Routing rules that work in production

  1. Task type → model. Code-gen → Claude Sonnet 4.5 or Codestral. Long-context document analysis → Gemini 1.5 Pro. Reasoning → o3 or Claude 3.7 with extended thinking. Cheap classification → Gemini Flash or Mistral Small 3.
  2. User tier → cost-budget. Free-tier users → cheapest acceptable model (DeepSeek-V3, Mistral Small, Gemini Flash). Paid-tier → premium (Claude Sonnet 4.5, GPT-4o). Enterprise → premium + self-hosted fallback.
  3. Latency SLA → streaming + sub-second models. When <500ms first-token matters, use sub-second providers (Fireworks-hosted Llama, OpenAI gpt-4o-mini, Cohere Command R).
  4. Outage → automatic failover. Wrap each provider call in a try/except chain. Anthropic down → try OpenAI → try Gemini → try self-hosted Llama. Don't return errors to user; degrade gracefully.
  5. Regulatory zone → compliant provider. EU customer → Anthropic-EU or self-hosted. US government → FedRAMP-certified. China → Doubao or Hunyuan.
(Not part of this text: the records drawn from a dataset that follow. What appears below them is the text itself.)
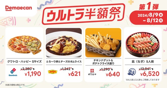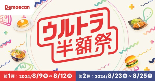 株式会社出前館は、運営する日本最大級のデリバリーサービス『出前館』において、対象商品が通常価格の50%OFFでご注文いただけるウルトラ半額祭を、第1弾は2024年8月9日(金)、第2弾は2024年8月23日(金)から開催いたします。
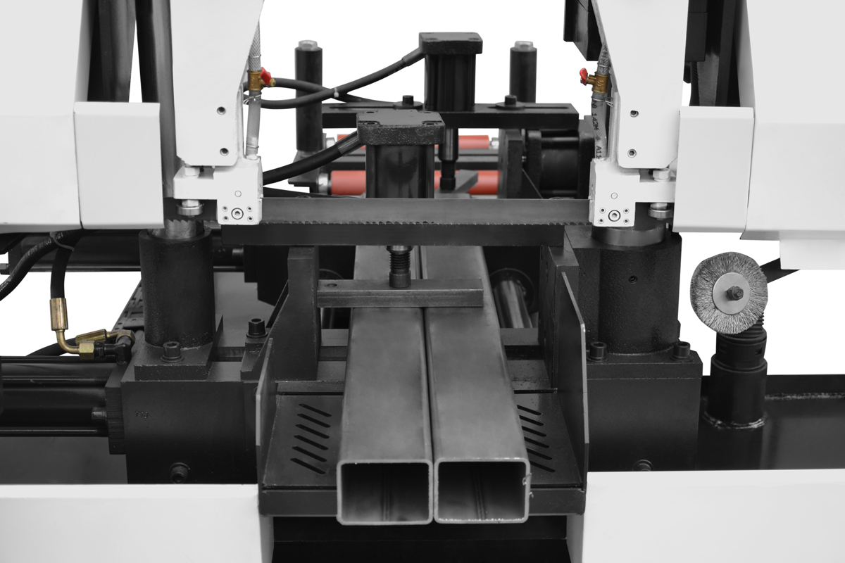Привод режущей ленты на основе двигателя с инверторным управлением обеспечивает плавное регулирование в широком диапазоне скоростей. Гидравлическое натяжение ремня обеспечивает оптимальные условия его эксплуатации. Если пила сломается, станок автоматически остановится. Точное ведение ремня обеспечивают направляющие, состоящие из направляющих подшипников и вставок из спеченного твердого сплава. Подвижная головка, направляющая ленту, регулируется в зависимости от размера разрезаемого материала, что обеспечивает повышенную стабильность работы ленты. Максимальные параметры резки и увеличенный срок службы пилы обеспечиваются системой охлаждения и щеткой для очистки.
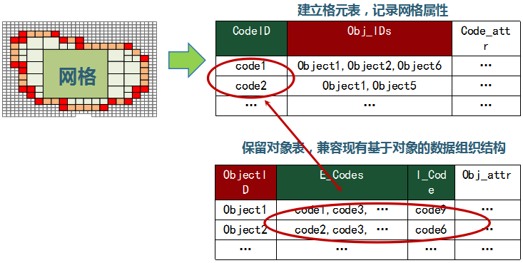 在對現有系統不推倒不重來及保護現有數據庫獨立性的基礎上,充分利用數據中的“空間位置”屬性,增加北斗網格編碼字段,作為ID對各種數據進行統一標識,并以其為紐帶構建對象內在的時空關聯關系,建立編碼動態索引,實現大數據統一組織與高效查詢。同時,利用網格編碼一維、整型、二進制的特點,實現時空大數據的計算、傳輸、分發、服務等應用的高效“編碼化操作”。
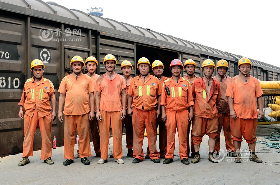 A group photo of workers carrying bean pulps bags. (Iqilu/Sun Zhiwen)
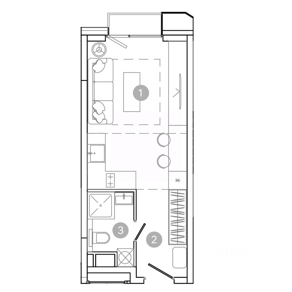 Продается студия площадью 24 кв.м. на 12-м этаже
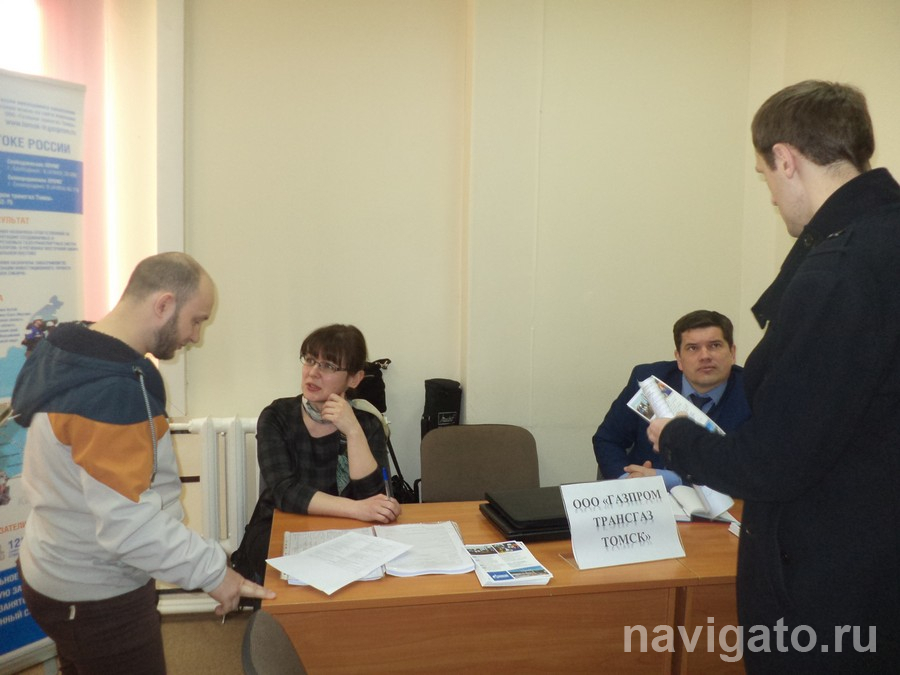 На вопросы соискателей отвечали представители ООО «Газпром трансгаз Томск», предлагающие работу в Свободненском, Алданском и Ленском линейно-производственных управлениях магистрального газопровода, и ООО «Ротекс-с», набирающие людей на вахту в Туруханский район Красноярского края. О том, что движет новосибирцами, готовыми на месяц-полтора уехать в отдалённые северные посёлки, узнавал корреспондент «Навигатора».
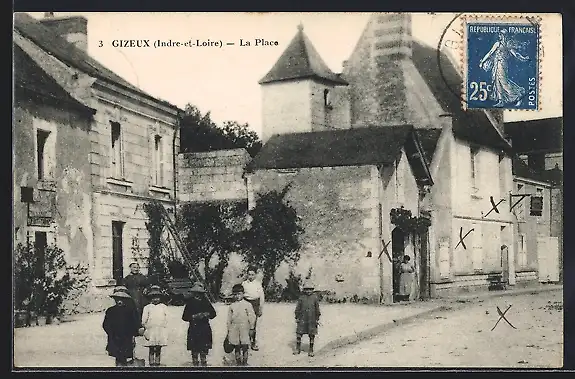 AK Gizeux, La Place avec des enfants et des bâtiments historiques

Why grounding-layer portability matters

The temptation is to use a provider's built-in grounding feature: Anthropic Citations API, OpenAI's new search-grounded responses, Google's built-in retrieval. Each is excellent within its provider.

But when you switch providers (cost, capability, outage), the grounding layer disappears with the provider. Your users see citations on Monday and none on Tuesday because you failed over to a different model. That's a trust collapse.

A provider-agnostic grounding layer (like SourceScore VERITAS, or a self-built RAG pipeline against a shared knowledge store) survives provider switches. The citations on Monday and Tuesday are identical — same claim IDs, same signatures, same canonical URLs — regardless of which LLM produced the raw response. Users don't see your infrastructure churn.

Provider-locked grounding still has its place

Anthropic Citations API and OpenAI's search-grounded responses excel at user-uploaded-doc citations within a single provider. The clean pattern: use both.

  • User-supplied document RAG → use the provider's native citation API
  • Shared knowledge base + cross-provider facts (model release dates, paper authorship, organizational facts) → use a portable grounding layer like VERITAS

See VERITAS vs Anthropic Citations API for the full head-to-head.

Getting started

  1. Pick an adapter library that fits your stack (Vercel AI SDK for TS, DSPy or LiteLLM for Python).
  2. Wrap your LLM calls behind the adapter. No business logic should hit provider SDKs directly.
  3. Add a router with at minimum 2 providers + automatic failover.
  4. Add a grounding layer that doesn't care which provider produced the response. Run the same 5-min quickstart regardless of backend.
  5. Test the failover by killing each provider in turn and confirming citations still render.